Disinfection by-products DBPs form when disinfectants are added to drinking water and react with naturally occurring organic matter. Chlorine, the most widely used primary disinfectant, reacts with naturally occurring organic matter to form a range of unwanted by-products such as the trihalomethanes THMs which include chloroform, bromodichloromethane BDCM , chlorodibromomethane DBCM , and the haloacetic acids HAAs , such as monochloroacetate, dichloroacetate, and trichloroacetate. Exposure to DBPs occurs through ingestion of water or through inhalation and absorption during showering, bathing, and swimming.
While there is some concern that these chemicals may pose a health risk, the potential risks arising from not treating drinking water are considerably greater, and the disinfection of water should never be compromised as a result. The developing nervous system is more susceptible than the adult brain to the disrupting effect of toxic chemicals [ 5 ]. The lengthy period of brain development and the extensive number of processes needed to take place contribute to the susceptibility of the developing nervous system.

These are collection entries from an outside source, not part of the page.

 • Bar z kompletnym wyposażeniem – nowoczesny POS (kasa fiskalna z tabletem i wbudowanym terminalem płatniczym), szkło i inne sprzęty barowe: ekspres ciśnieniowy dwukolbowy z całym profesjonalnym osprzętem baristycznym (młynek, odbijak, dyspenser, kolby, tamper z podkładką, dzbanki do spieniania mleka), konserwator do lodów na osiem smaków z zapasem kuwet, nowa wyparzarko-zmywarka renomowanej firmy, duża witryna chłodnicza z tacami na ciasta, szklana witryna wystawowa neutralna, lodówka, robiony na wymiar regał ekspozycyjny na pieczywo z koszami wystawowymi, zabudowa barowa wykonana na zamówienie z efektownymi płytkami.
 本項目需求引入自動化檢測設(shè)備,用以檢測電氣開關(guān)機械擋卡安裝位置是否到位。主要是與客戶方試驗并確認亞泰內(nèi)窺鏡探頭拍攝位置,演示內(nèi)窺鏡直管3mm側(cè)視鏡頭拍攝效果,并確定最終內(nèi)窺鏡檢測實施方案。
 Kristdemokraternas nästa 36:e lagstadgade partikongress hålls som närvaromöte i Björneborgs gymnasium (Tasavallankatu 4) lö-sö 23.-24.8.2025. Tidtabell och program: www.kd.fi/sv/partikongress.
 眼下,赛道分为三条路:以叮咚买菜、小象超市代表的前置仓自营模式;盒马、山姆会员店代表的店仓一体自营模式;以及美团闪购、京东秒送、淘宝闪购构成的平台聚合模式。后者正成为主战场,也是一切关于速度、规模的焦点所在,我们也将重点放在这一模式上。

In the 9 months of pregnancy, the human brain and spinal cord must develop from a thin strip of cells along the back of the embryo into a complex organ comprised of billions of precisely located, highly interconnected, and specialized cells. Brain development requires that neurons move along precise pathways from their points of origin to their assigned location, that they establish connections with other cells near and distant, and that they learn to intercommunicate.

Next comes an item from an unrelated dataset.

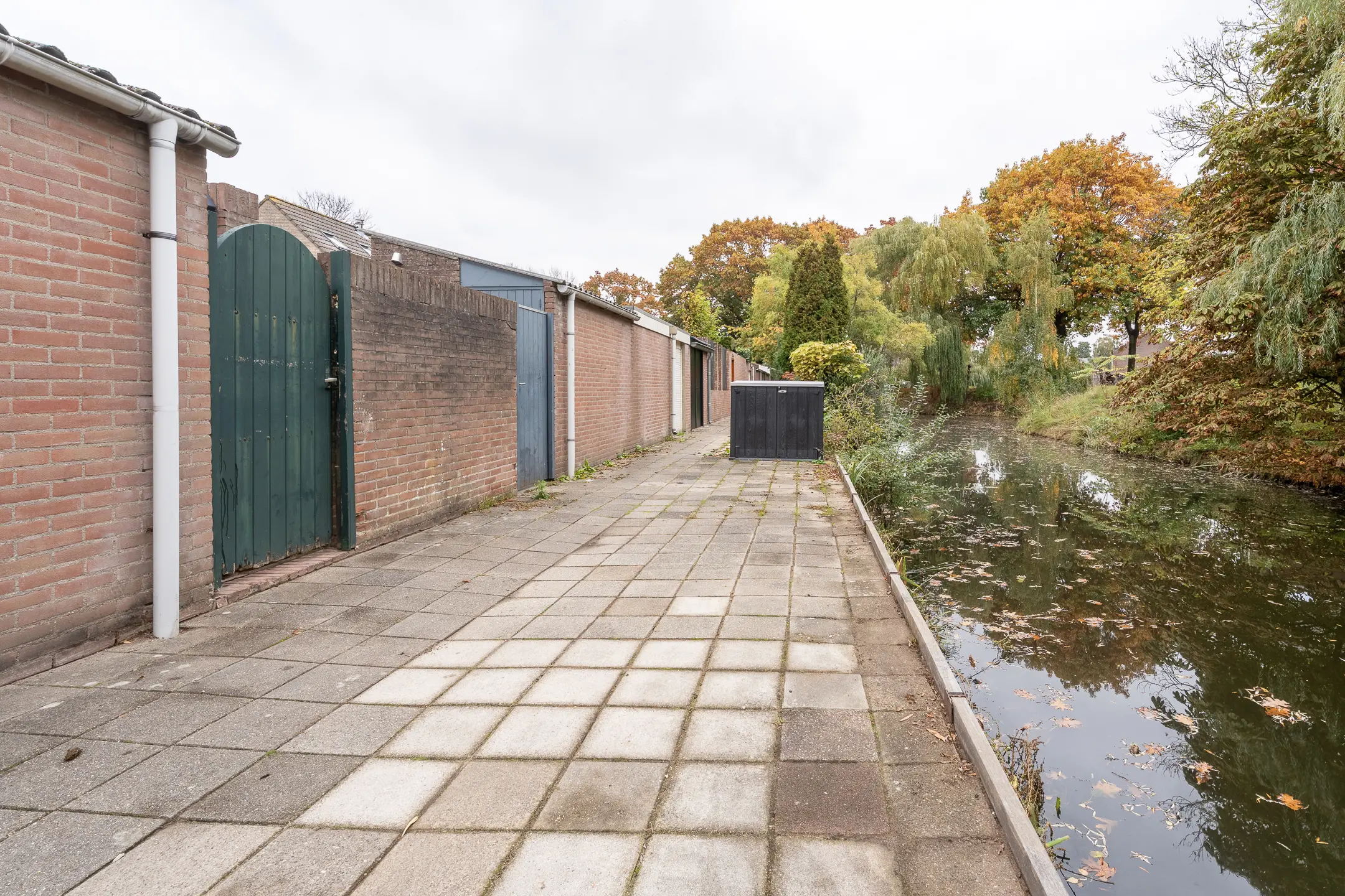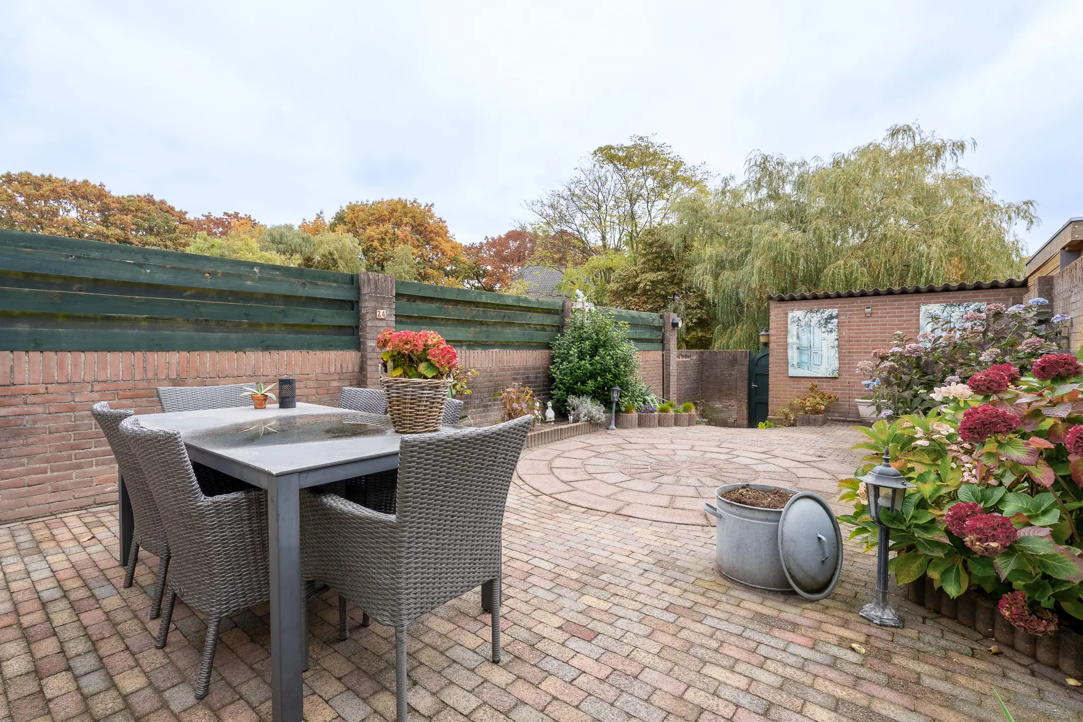 Diepe achtertuin gelegen op het oosten, maar door de lengte is daar ook volop zonneschijn aanwezig. Vanuit de tuin heb je vrij zicht op het achtergelegen groen. De tuin is voorzien van sierbestrating en diverse plantenborders. Achter in de tuin staat de stenen berging en is er een achterom. Deze achterom komt uit op een breed pad grenzend aan een waterpartij.

Each connection between and among neurons must be precisely established at a particular point in development, and redundant connections need to be pruned away through programmed cell death, apoptosis. All these processes must take place within a tightly controlled time frame, in which each developmental state must be reached on schedule and in the correct sequence. Critical windows of vulnerability, which exist only in the 9 months of pregnancy and to a lesser extent in early childhood, are unique to early brain development.

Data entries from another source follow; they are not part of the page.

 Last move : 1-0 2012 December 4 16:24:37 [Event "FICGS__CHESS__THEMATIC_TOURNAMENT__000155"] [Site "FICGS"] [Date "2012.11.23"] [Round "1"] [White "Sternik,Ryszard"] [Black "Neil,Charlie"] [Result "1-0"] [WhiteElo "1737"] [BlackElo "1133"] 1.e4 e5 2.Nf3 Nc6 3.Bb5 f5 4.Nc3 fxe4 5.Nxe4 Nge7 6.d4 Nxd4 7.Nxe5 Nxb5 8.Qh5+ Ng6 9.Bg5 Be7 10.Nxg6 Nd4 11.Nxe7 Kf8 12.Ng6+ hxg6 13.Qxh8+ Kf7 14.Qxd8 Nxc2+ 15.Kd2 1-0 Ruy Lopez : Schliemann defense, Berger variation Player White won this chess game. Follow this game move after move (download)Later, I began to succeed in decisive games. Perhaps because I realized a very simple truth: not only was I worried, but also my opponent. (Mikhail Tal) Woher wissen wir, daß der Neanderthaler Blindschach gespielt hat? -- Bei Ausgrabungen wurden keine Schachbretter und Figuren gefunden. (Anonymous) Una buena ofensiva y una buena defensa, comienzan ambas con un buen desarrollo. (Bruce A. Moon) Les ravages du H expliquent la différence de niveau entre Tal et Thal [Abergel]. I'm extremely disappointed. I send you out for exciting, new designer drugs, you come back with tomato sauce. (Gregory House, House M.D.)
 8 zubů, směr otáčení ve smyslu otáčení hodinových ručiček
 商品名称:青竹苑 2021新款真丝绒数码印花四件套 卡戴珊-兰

They have no counterpart in adult life. Exposure to toxic chemicals during these windows of vulnerability can cause devastating damage to the brain and nervous system. Any toxic or other environmental exposure that interferes with the tightly orchestrated sequence of events involved in brain formation is likely to have profound effects on intellect, behavior, and other functions.
If a developmental process in the brain is halted or inhibited, if cells fail to migrate the proper sequence to their assigned locations, if synapses fail to form, or if pathways are not established, there is only limited potential for late repair, and the consequences can be permanent [ 36 ].
Environmental toxicants can affect both the structural and functional development of the nervous system. Depending on the developmental stage at which exposure occurs, sensory development, intelligence, or behavior will be affected differentially. While early-developing neural systems have been considered the most vulnerable to chemical insult, scientists have called attention to the importance of chemical exposure that occurs late in childhood, as it has been recently suggested that behavioral and physiological foundations of cognition continue to develop during childhood and adolescence [ 5 , 37 ].
Exposure to environmental toxicants such as lead, methylmercury, and certain pesticides and PCBs even at very low levels have been shown to produce neurobehavioral functional deficits, and increased susceptibility to neurodegenerative diseases much later in life [ 38 ]. Of critical concern is the possibility that developmental exposure to neurotoxicants may result in an acceleration of age-related decline in function that could lead to Parkinson Disease, Alzheimer Disease, and other forms of brain degeneration.
This concern is compounded by the fact that developmental neurotoxicity that results in small effects on the individual at a particular stage can have a profound societal impact when considered in the whole population or across the life span of the individual [ 36 ]. Behavior is also disrupted, sometimes permanently, by such exposures. The following sections will give a short overview of some neurotoxicological effects of the best known chemicals for their effect on the developing nervous system.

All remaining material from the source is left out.